2. Il primo motivo di ricorso è infondato.
2.1. Va preliminarmente rilevato, relativamente alla denunziata violazione dell’art. 2697 cod. civ., che, per consolidata giurisprudenza di legittimità, (exp/unMis, Cass. n. 18092 del 2020) la doglianza relativa alla violazione del precetto di cui all’art. 2697 cod. civ. è configurabile soltanto nell’ipotesi in cui il giudice abbia attribuito l’onere della prova ad una parte diversa da quella che ne risulta gravata secondo le regole dettate da quella norma e che tale ipotesi non ricorre nel caso di specie, in particolar modo in quanto, pur veicolando parte ricorrente la censura per il tramite della violazione di legge, essa, in realtà mira ad ottenere una rivisitazione del fatto, inammissibile in sede di legittimità.
2.1.1. G., poi, premettere che il principio di immediatezza implica che il datore di lavoro proceda alla contestazione non appena abbia acquisito una compiuta e meditata conoscenza dei fatti oggetto di addebito, atteso che il ritardo nella contestazione lede il diritto di difesa del lavoratore e, in particolare, il suo affidamento sulla mancanza di rilievo disciplinare attribuito dal datore di lavoro alla condotta inadempiente (fra le tante, V. Cass. n. 29627 del 2018).
Trattasi, come noto, di criterio relativo, poiché deve correlarsi con la specifica natura dell’illecito disciplinare, con l’avvenuta conoscenza dei fatti ascrivibili al lavoratore da parte del datore di lavoro, con il tempo occorrente per l’espletamento delle indagini e con la complessità (o meno) dell’organigramma aziendale (expurimis, Cass. n. 11933 del 2003; V., altresì, Cass. n. 35564 del 2021); in particolare, questa Corte ha affermato che il principio dell’immediatezza della contestazione dell’addebito, che si configura quale elemento costitutivo del diritto al recesso del datore di lavoro, deve essere inteso in senso relativo, dovendosi tenere conto della specifica natura dell’illecito disciplinare, nonché del tempo occorrente per l’espletamento delle indagini, maggiore quanto più è complessa l’organizzazione aziendale (così, Cass. n. 1248 del 2016).
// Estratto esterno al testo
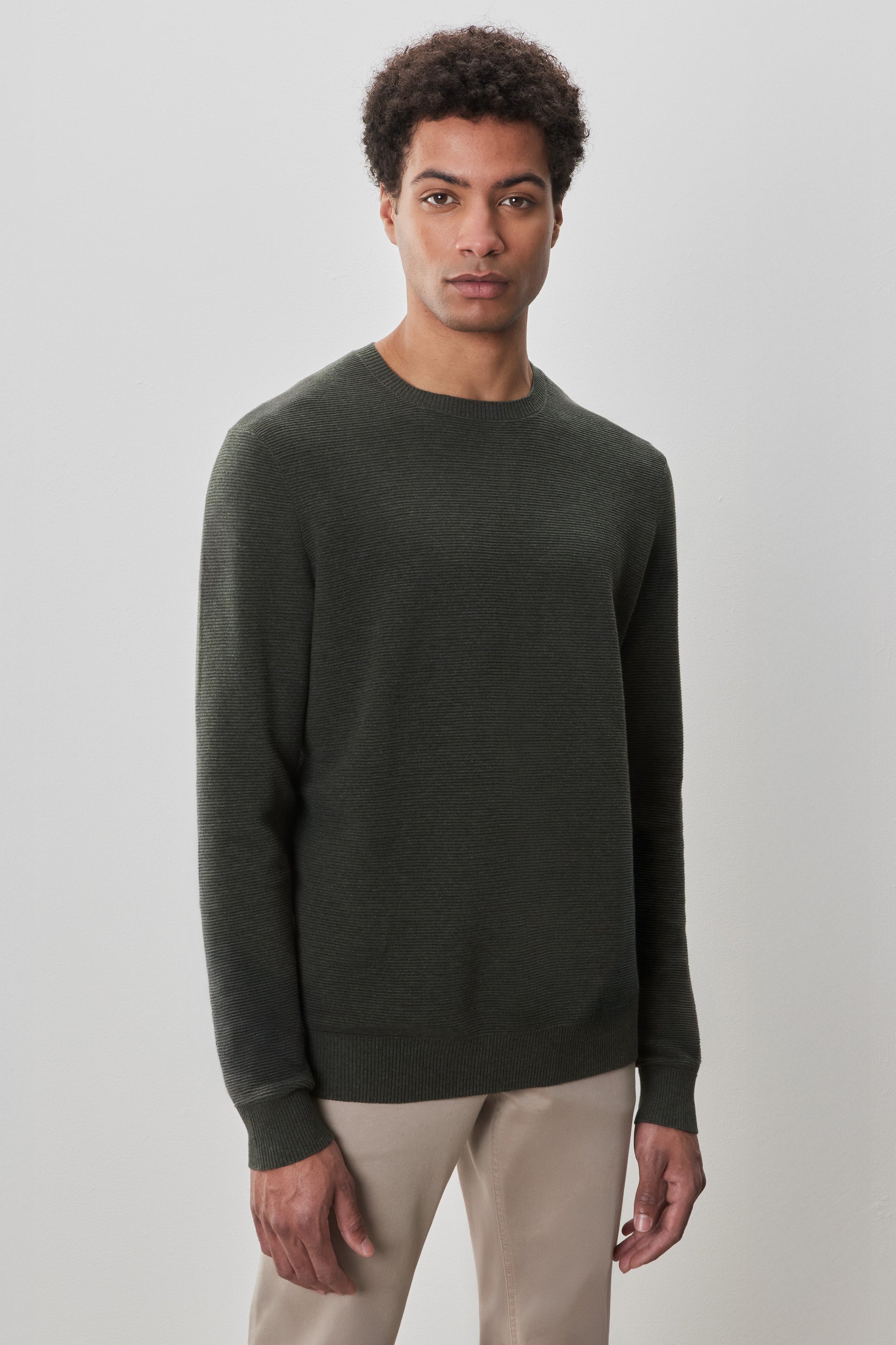This casual cotton sweater delivers everyday comfort with a refined, textured finish. Lightweight and versatile, it's perfect for wearing on its own or layered under a sportcoat for a polished, laid-back look. A timeless essential for effortless style and ease.

2.1. L’accertamento del tempo in cui il datore di lavoro è venuto a conoscenza della riprovevole condotta del lavoratore risulta di fondamentale importanza, di talché il lasso temporale preso in considerazione non decorre dalla astratta percettibilità o conoscibilità dei fatti addebitati all’imputato, ma dalla sua avvenuta conoscenza.
Invero, il lasso temporale tra i fatti e la contestazione, ai fini della valutazione dell’immediatezza del provvedimento espulsivo, deve decorrere dall’avvenuta compiuta conoscenza da parte del datore di lavoro della situazione contestata e non dall’astratta percettibilità o conoscibilità dei fatti stessi; in particolare, il datore di lavoro deve fornire la prova del momento in cui ha avuto la piena conoscenza dei fatti da addebitare al lavoratore, non potendosi ragionevolmente imputargli la possibilità di conoscere i fatti in precedenza e di contestarli immediatamente al lavoratore (V. Cass. n. 28974 del 2017).
Trattasi di valutazione di fatto il cui apprezzamento è riservato al giudice di merito, talché lo stesso, ove non implausibile, deve reputarsi sottratto al sindacato di legittimità (cfr. Cass. n. 11933 del 2003).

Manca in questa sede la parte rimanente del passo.